Tuesday, April 28, 2009

Three stories intertwine in novel, Sway

A ghoulish tale of sex, drugs, rock and roll and murder is told by English professor Zachary Lazar in his novel, Sway

By Emily Lovejoy

With his second novel, "Sway", Hofstra’s own Zachary Lazar has received the kind of literary attention most writers can only dream of. Set in the 1960s, "Sway" weaves together the stories of the Rolling Stones, filmmaker Kenneth Anger and the infamous Manson family into a haunting mix of both fact and fiction. The three intersecting stories in "Sway: have a ghoulish quality and the novel reads almost like a sophisticated campfire tale. The book contains elements of Satanism and murder.

“Things like Charles Manson
were recent enough that they were still in the common culture and they were sort of like ghost stories,” Lazar says. “It was always stuff I was really interested in when I was a kid growing up.”


Sway is considered a work of fiction, but it’s based on facts. According to Lazar, “None
of the events are made up, except for little mundane things, conversations, behind-the-scenes kinds of interactions, but the big events are all true.”

For someone who is not familiar with the Rolling Stones, the Manson family or Kenneth Anger, this may seem hard to believe; the exploits of these people are larger than life. “The challenge of the book was to stick to what was true because it was bizarre and extreme in a lot of ways, murders and crazy drug episodes and this sex, drugs and rock and roll stuff. The trick was to make it seem real,” Lazar says.

Although he wasn’t born during the 1960s, Lazar says he consulted a wide variety of sources before writing th
e book, “When you read many accounts of the same event they’re always different so you can kind of make an educated guess about which is the best or truest version.”

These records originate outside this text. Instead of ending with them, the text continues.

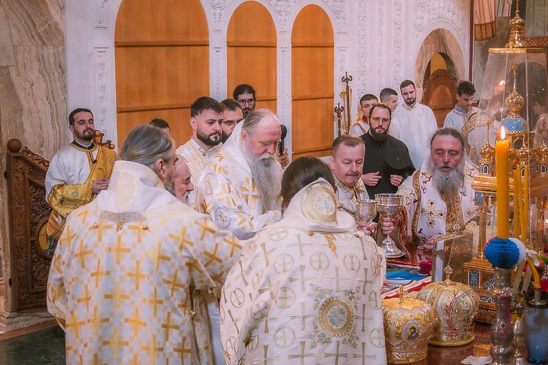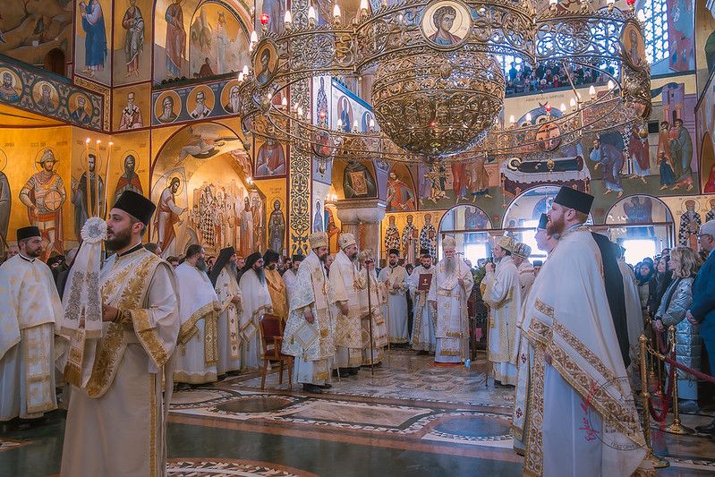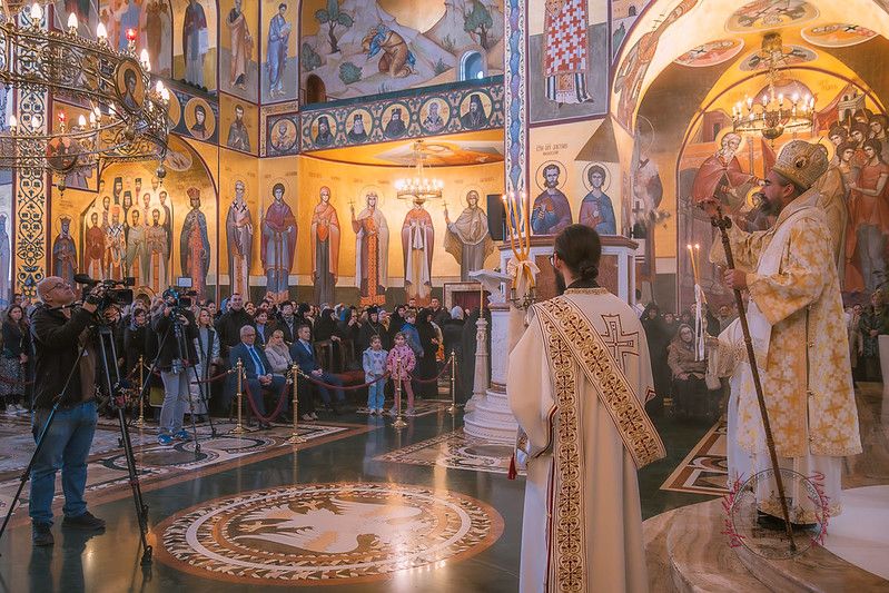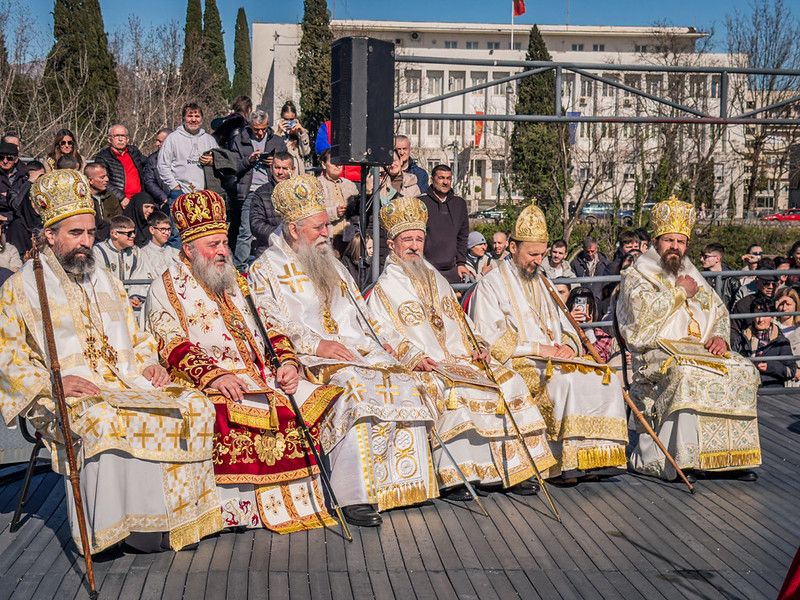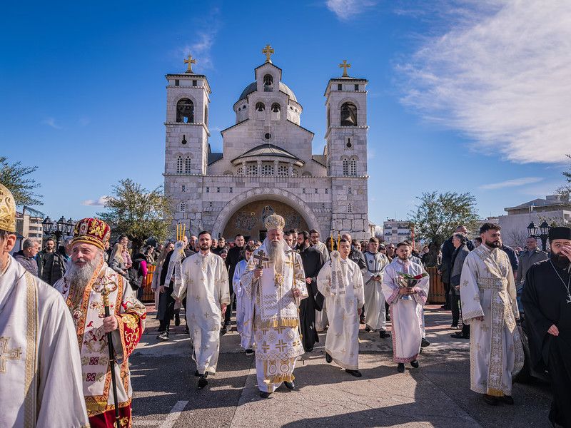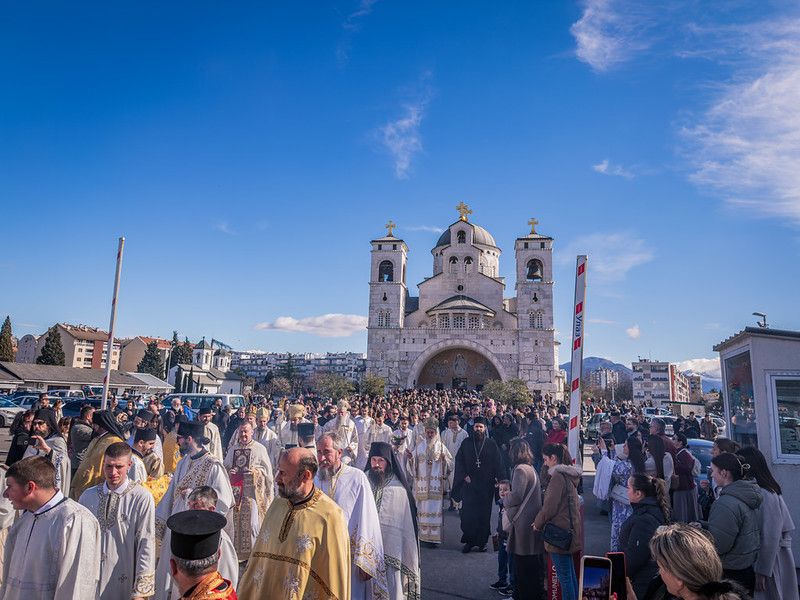 Свету Литургију у Саборном храму Христовог Васкрсења служио је Његово Високопреосвештенство Митрополит црногорско-приморски г. Јоаникије уз саслужење: високопреосвећене господе митрополита милешевског Атанасија, захумско-херцеговачког и стонско-приморског Димитрија, будимљанско-никшићког Методија и преосвећене господе епископа делчевско-каменичког Марка из Македонске Православне Цркве - Охридске Архиепиксопије и викарног диоклијског Пајсија; бројног свештенства, монаштва и верног народа.
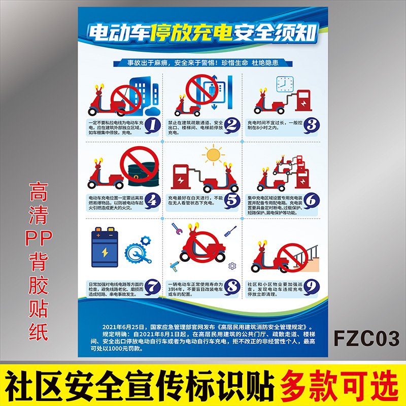 反电诈社区安全宣传标语贴五不一打海报电动停放充电安全须知楼道禁止停放电瓶车禁止高空抛物小区楼道宣传贴
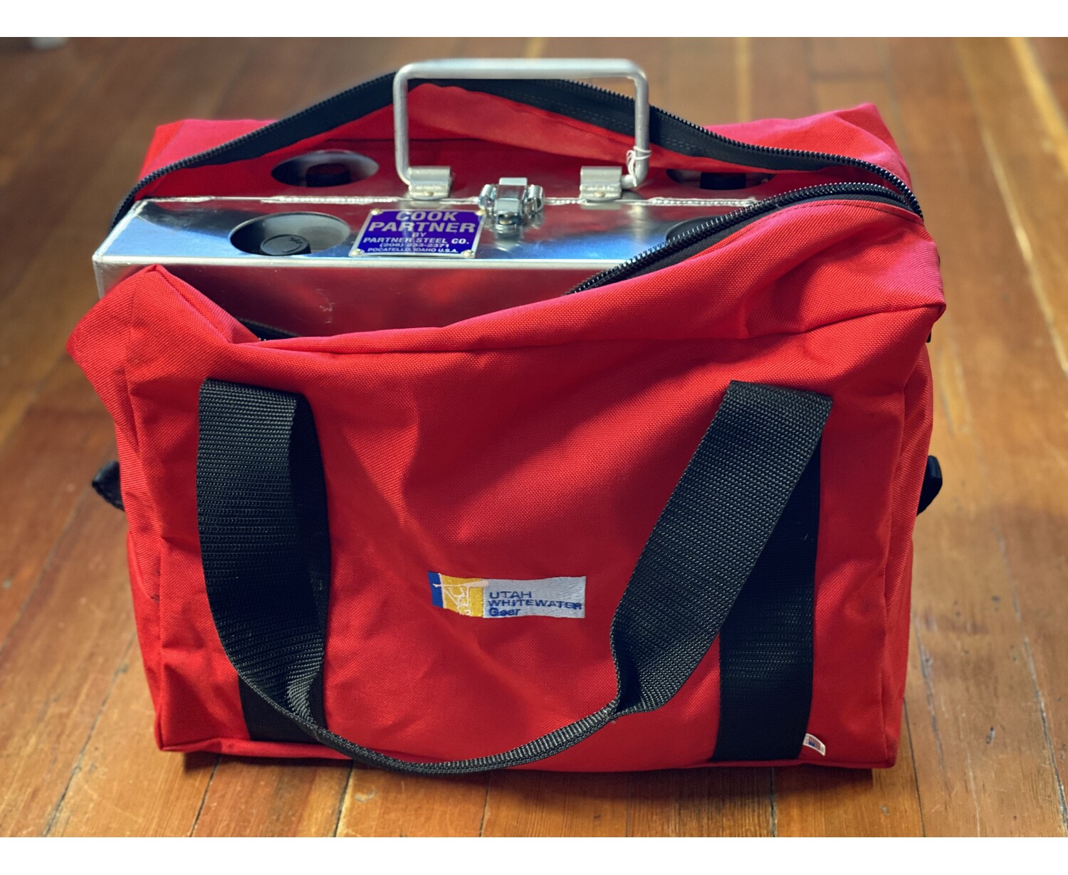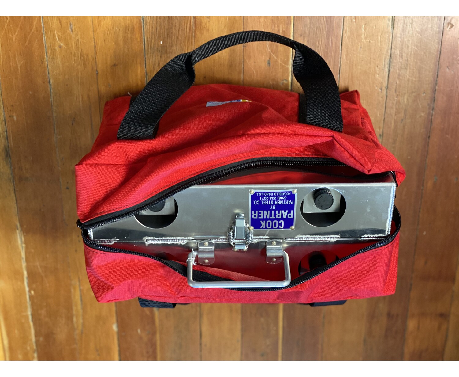 Match them up with a stove stand, and set up your kitchen anywhere. 12 x 16 x 7 closed, 24 x 16 x 3 1/2 open. 21 lbs. This stove can be fit with a break-apart hinge so 1/2 can be taken on a trip or the stove can be laid out with all 4 burner controls facing the cook. A Partner Steel carry bag is available for when the stove is not in use.

The ultimate test of the novel’s truth came when it was released in England, “There were a bunch of people who were a part of the Stones’ circle in the ‘60s and several of them read it and said I got it right,” Lazar says.


“Lazar was someone I
didn’t know really about until I started this book and his name kept cropping up in books about the Rolling Stones that I read,” Anger says. According to Lazar, Anger, now in his eighties, wasn’t thrilled about his portrayal in Sway.

Lazar isn’t aware if Keith Richards or Mick Jagger
have read the novel and he said he wasn't that nervous of writing about them. “Not as nervous as I should have been,” he says. “I just didn’t really think of the possibility of them even really reading it. … I’m glad I didn’t think about it before because maybe I wouldn’t have written it.

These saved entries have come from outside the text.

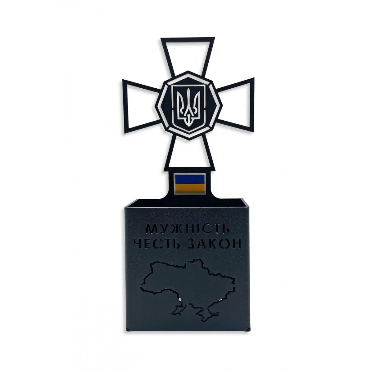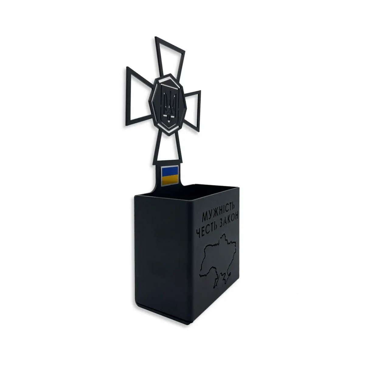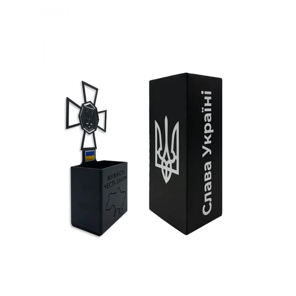 Підставка для канцелярії виконана з металу та оброблена порошковою текстурною фарбою. Гасло НГУ — Мужність, Честь, Закон ! Карта України та кольоровий прапор. Запаковано в подарункову коробку.
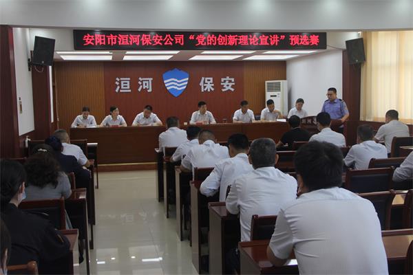 為深入學(xué)習(xí)貫徹習(xí)近平新時代中國特色社會主義思想和黨的十九大及歷次全會精神,推動黨的創(chuàng)新理論入腦入心,團結(jié)引領(lǐng)廣大職工堅定跟黨走、建功新時代,激勵全體洹河保安人以更加昂揚的精神狀態(tài)迎接黨的二十大勝利召開,2022年5月19日下午,公司黨委舉辦“黨的創(chuàng)新理論宣講”預(yù)選賽,黨委書記、董事長、總經(jīng)理王高峰,黨委委員、副總經(jīng)理魏東到會觀摩,比賽由黨委副書記張錫軍主持。
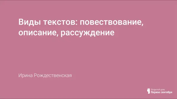 Цели урока: познакомить учащихся с разными видами текстов – повествованием, описанием, рассуждением; формировать умения распознавать их; развивать устную и письменную речь.
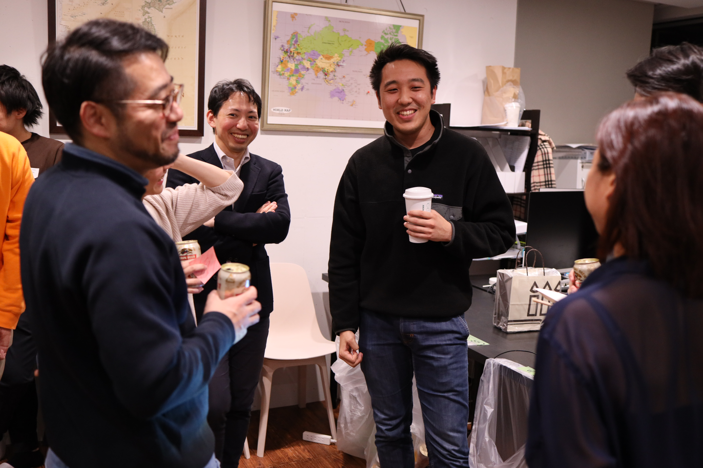 ゲストには日頃からお世話になっているKDDI事業戦略本部の方々、日頃Hostyに協力してくださっている方々、Hostyメンバーの前職の同僚や知り合いの方、純粋にHostyに興味を持ってくれている方などなど約30名の方にお集まりいただきました。会場は話が絶えない空間でした。それもそのはずです。お越しいただいたゲストは、大手外資系企業の日本法人立ち上げメンバー、スタートアップでCTOやエンジニアとして活躍されている方々、自分で会社を経営されている方々など様々な経験を積んでいる方々です。聞こえてくる会話は聞き慣れない言葉ばかり。でも最終的には、「お開きです。帰ってください!!」というまでずっと話されていたので、やっぱりこういうイベントって話してもネタが尽きないんだなという新たな発見がありました。そんなワイワイガヤガヤした空間ですが、新しいビジネスの種がきっとあるのでいろんなお話ししたいよって方、次の機会は気軽に参加してみてくださいね。
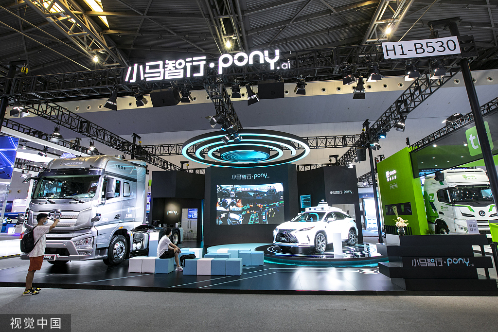 Driverless cars of Pony.ai are displayed at an expo in Shanghai on July 10, 2021. [Photo/VCG]
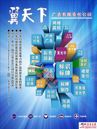 戶外廣告 標(biāo)示標(biāo)牌 形象墻 發(fā)光字 海報(bào)畫冊 不干膠 LED屏 寫真噴繪
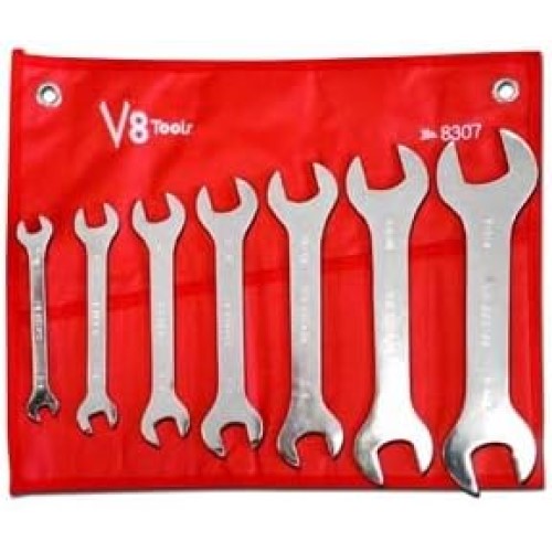 - The V8 Tools 8307 Super Thin Wrench Set is a great value for anyone looking for a set of thin wrenches. The set includes 7 wrenches in sizes ranging from 3/8" to 1-1/4", and each wrench is made from high-quality manganese alloy steel. The wrenches are heat treated and tempered to maximize strength, and they feature a polished finish that resists corrosion. The wrenches are also very thin, making them ideal for use in tight spaces.
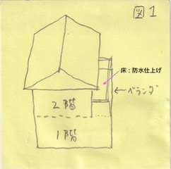 1階室内の真上に防水仕上げのベランダがある住宅は、1階に雨漏りが生じるリスクが高いです。
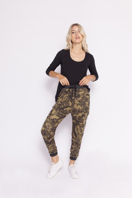 MÁS INFORMACION Realizado en Lanilla estampada combinada con cuero ecológico. Formato clásico. Cintura con elástico embutido y cordón ornamental. Bolsillos en laterales. Súper cómoda, esta prenda con detalles en eco cuero tanto en cintura como en puños, es ideal para un look casual urbano. Combinándola con prendas lisas y de colores neutros va a resaltar siendo la protagonista de tus outfits.
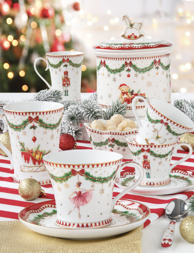 Wat deze collectie zo bijzonder maakt, zijn de verfijnde details. Elk bord, kopje en schoteltje vertelt een verhaal. De dansers in hun delicate poses, de groene kersttakken, de sprankelende sneeuwvlokken, en de gouden details laten elk stuk stralen. Het is alsof je een kerstscène uit een sprookje op tafel zet, waarin de notenkraker waakt en de ballerina haar betoverende pirouettes draait onder een hemel van fonkelende sterren. Het rood, groen en goud zijn klassiek en toch levendig, en roepen beelden op van een gezellige kerstavond bij een knapperend haardvuur.
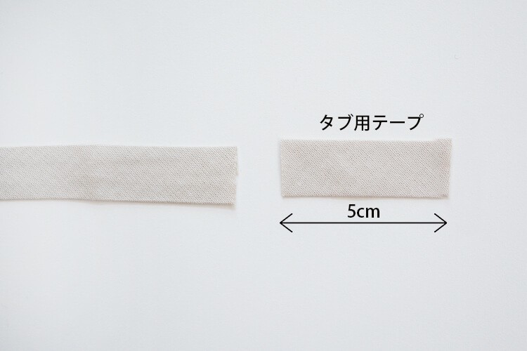 タブを半分に折り、片方の本体用布の、上から1.5cmのところに縫い付けます。(写真参照)

The critical response to Sway has been impressive. “It got a lot of good reviews,” Lazar says. The New York Times gave said Sway “reads like your parents’ nightmare idea of what would happen to you if you fell under the spell of rock ’n’ roll.” Lazar’s third book is already completed, but not yet released.

The book will focus on his own father’s tragic murder after testifying against a Bernie Madoff-style real estate billionaire. Again, Lazar will be putting a creative turn on true events, but this time around, the novel will be considered non-fiction.

Like every great writer, Lazar is influenced by others. “My favorite writers are still people like Fitzgerald and Hemingway,” he says, “who I read when I was in college and formed my idea of what I wanted to do.”

Lazar is well aware of the difficulties that come along with trying to become a successful published author, “Just persevere because you face lots of rejection and struggle for many years before any of this happens like Sway. So, you just have to be very patient,” he advises.

Lazar recently received a fellowship to write at Princeton for a year, but hopes to return to Hofstra, where he currently teaches part-time, offering courses in Creative Writing.